We can (again) further extend our framework by expressing our uncertainty over the value of $\mu(\mathbf{x}, \mathbf{w})$ as, $$ y(\mathbf{x}, \mathbf{w}) = \mathbf{w}^T \boldsymbol{\phi}(\mathbf{x}) + \epsilon = \mu(\mathbf{x}, \mathbf{w}) + \epsilon, \quad \epsilon \sim \mathcal{N}(0, \beta^{-1}). $$ Thus, given $\mathbf{x}$, $y$ can be modeled by a probabilistic model, $$ \mathsf{y} \mid \mathbf{x} = \mathbf{x} \sim \mathcal{N}(\mu(\mathbf{x}, \mathbf{w}), \beta^{-1}), $$ or, equivalently, $$ p(\mathsf{y} \mid \mathbf{x}, \mathbf{w}, \beta) = p(\mathsf{y} \mid \mathbf{x}, \boldsymbol{\theta}) = \mathcal{N}(\mathsf{y} \mid \mu(\mathbf{x}, \mathbf{w}), \beta^{-1}), $$ where $\boldsymbol{\theta} = (\mathbf{w}, \beta)$.

Discriminative VS. Generative Probabilistic Models

In machine learning, there is a concept of discriminative and generative models ¹ ².

Definition: Discriminative Models

In discriminative models, our posterior (predictive) distribution $p(y \mid \mathbf{x})$ is assumed to belong to a hypothesis class parameterized by $\boldsymbol{\theta}$, i.e., $p(y \mid \mathbf{x}, \boldsymbol{\theta})$. We learn the parameters $\boldsymbol{\theta}$ directly from the training data $\mathcal{D}$.

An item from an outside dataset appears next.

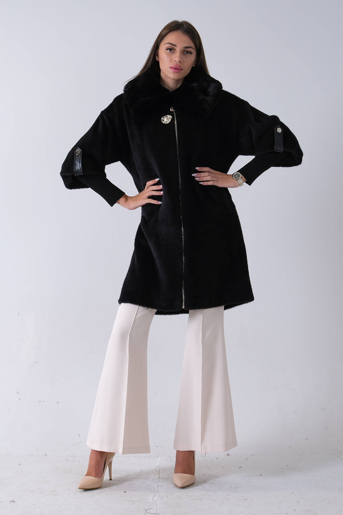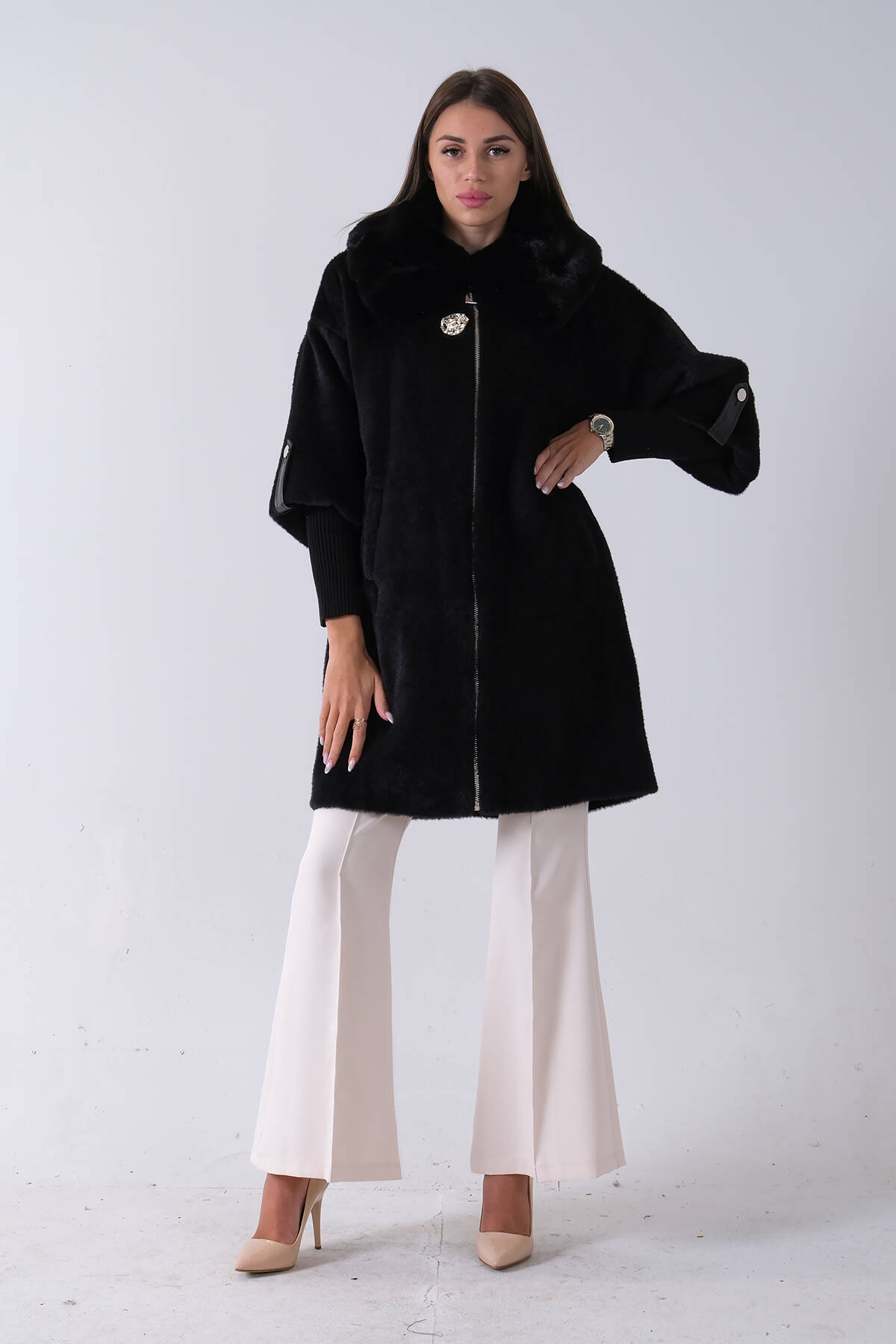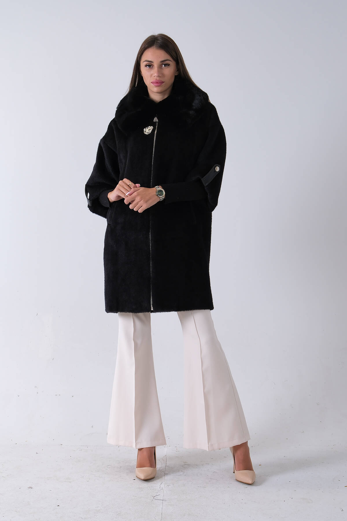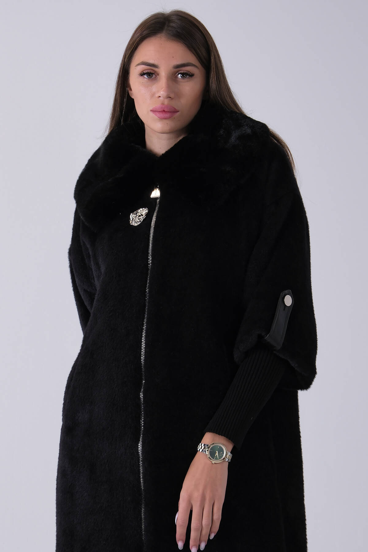 Siyah Yandan Cepli Broş Detaylı Yaka Kürklü Peluş Kaban 44510847.01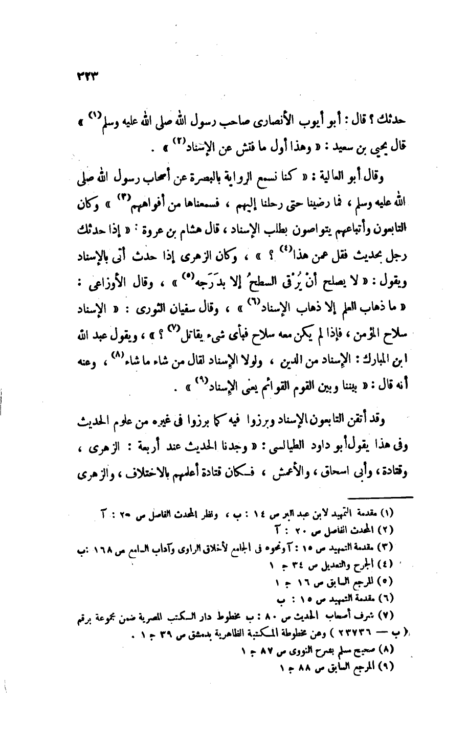 وقال أبو العالية: «كُنَّا نَسْمَعُ الرِّوَايَةَ بِالْبَصْرَةِ عَنْ أَصْحَابِ رَسُولِ اللَّهِ صَلَّى اللهُ عَلَيْهِ وَسَلَّمَ، فَمَا رَضِينَا حَتَّى رَحَلْنَا إِلَيْهِمْ، فَسَمِعْنَاهَا مِنْ أَفْوَاهِهِمْ» (¬3). وكان التابعون وأتباعهم يتواصون بطلب الإسناد، قال هشام بن عروة: «إذَا حَدَّثَكَ رَجُلٌ بِحَدِيثٍ فَقُلْ عَمَّنْ هَذَ؟» (¬4)، وكان الزهري إِذَا حَدَّثَ أَتَى بِالإِسْنَادِ وَيَقُولُ: «لاَ يَصْلُحُ أَنْ يُرْقَى السَّطْحُ إِلاَّ بِدَرَجِهِ» (¬5)، وقال الأوزاعي: «مَا ذَهَابُ العِلْمِ إِلاَّ ذَهَابُ الإِسْنَادِ» (¬6)،، وقال سفيان الثوري: «الإِسْنَادُ سِلاَحُ الْمُؤْمِنِ، فَإِذَا لَمْ يَكُنْ مَعَهُ سِلاَحٌ فَبِأَيِّ شَيْءٍ يُقَاتِلُ؟» (¬7)، ويقول عبد الله بن المبارك: «الإِسْنَادُ مِنَ الْدِّينِ، وَلَوْلاَ الإِسْنَادُ لَقَالَ مَنْ شَاءَ مَا شَاءَ» (¬8)، وعنه أنه قال: «بَيْنَنَا وَبَيْنَ القَوْمِ القَوَائِمُ» يَعْنِي الإِسْنَادَ. (¬9).

Thus, once the model is learned, we can compute, $$ \hat{y}_{\mathcal{D}}(\mathbf{x}) = \underset{\hat{y}}{\arg\min} \ \mathbb{E}_{\mathsf{y} \sim p_{\mathcal{D}}(y \mid \mathbf{x})}[\ell(\mathsf{y}, \hat{y}) \mid \mathbf{x}]. $$

Example: Linear Regression

We first learn $\boldsymbol{\theta} = (\mathbf{w}, \beta)$ based on $\mathcal{D}$. Then, we can find the optimal prediction for a new input $\mathbf{x}$ as (under a quadratic loss function), $$ \hat{y}_{\mathcal{D}}(\mathbf{x}) = \mathbb{E}_{\mathsf{y} \sim p(y \mid \mathbf{x}, \boldsymbol{\theta}^{\star}_{\mathcal{D}})}[\mathsf{y} \mid \mathbf{x}] $$ i.e., $$ \hat{y}_{\mathcal{D}}(\mathbf{x}) = \mu(\mathbf{x}, \mathbf{w}^{\star}_{\mathcal{D}}) $$

Definition: Generative Models

In generative models, we see the models $p(\mathbf{x}, y)$ as being part of a parametric family $p(\mathbf{x}, y \mid \boldsymbol{\theta})$. This means we from these models, can find $p(\mathbf{x})$.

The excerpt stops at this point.